Hold them in the packet under your nose with the lashes facing outwards; this will identify the left and right lashes, as they're not always marked. To remove always peel them from the outer edge, never from the inner corner.

If you bend one section of lashes on the outside it doesn't matter, as it's more than likely you'll be trimming them off to fit your eyes anyway. If you bend or break the lash from the inner corner, it matters! Gently tease it out using your fingers or tweezers and rest the lashes back in the box.

Measure up the lashes

Rest the strip lash along your lash line to see whether you need to trim it to size. The strip should start where your natural bulk of eyelashes begin; if you start too close to the inner corner it will irritate your eyes.

To mark where your strip lashes should end, go to the outer corner and count 2 to 4 lashes inwards. If you have them hanging over, it can pull the eyes down.

Trimming the lashes to desired size

If you have to trim your lashes to fit, remember to do it from the outside edge and don't cut through the lashes, always cut them at the vein. If you cut upwards you'll chop half of other lashes off you wanted to keep.

Preventing pop ups

Sometime lashes can flatten when you take them out of the box and therefore pop up at the inner or outer corners once applied.

To avoid this, roll the lashes around your finger, a makeup brush, pen or cotton bud and leave for a minute, this will help them remain more curved in shape.

Applying the glue correctly

Dot a thin layer of glue straight from the adhesive applicator, along the vein of the lash, from corner to corner. Wait a few seconds for it to go tacky before application.

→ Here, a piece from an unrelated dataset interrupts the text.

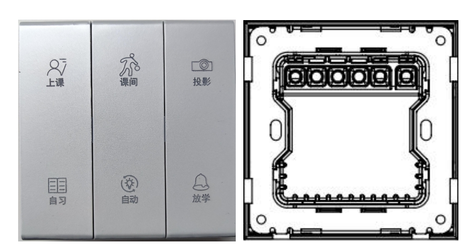 本产品是一款晶讯智能教室六位场景开关,它是一种基于蓝牙 mesh 无线通信的场景控制开关,内置智能无线蓝牙模块,蓝牙模块完全依从Bluetooth 5.0版本规范和Bluetooth Mesh 1.0.0 & 1.0.1,可以让蓝牙智能设备便捷地接入晶讯云服务,本产品与网关通过蓝牙 mesh 无线通信,用户可以在手机 APP 端和晶讯云服务控制场景变换,也可以通过本地按键变换场景,并且受控设备通过无线网络同步设备状态到手机 APP 端和晶讯云服务。

If you want super long-lasting application do the 'double adhesive' technique by applying some dots of glue along your lash line as well as on the lashes.

Where to apply the lashes

Remembering to place them where your natural bulk of eyelashes begin, look down and press the strip lash against your lash line in the center, the outer edge and the inner corner.

Bonding the lashes

Having mascara to start with lets you pinch and push your natural lashes and the false lashes together so they set well. Squeeze the strip lash down onto the natural lashes so you don't end up with a strip of skin between your lashes and the false lashes. Carefully use eyelash tweezers or simply your fingertips.

Create uplifts

If you want to create more uplift with your lashes, finish by gently pushing against the lashes at the edge of the inner lash line.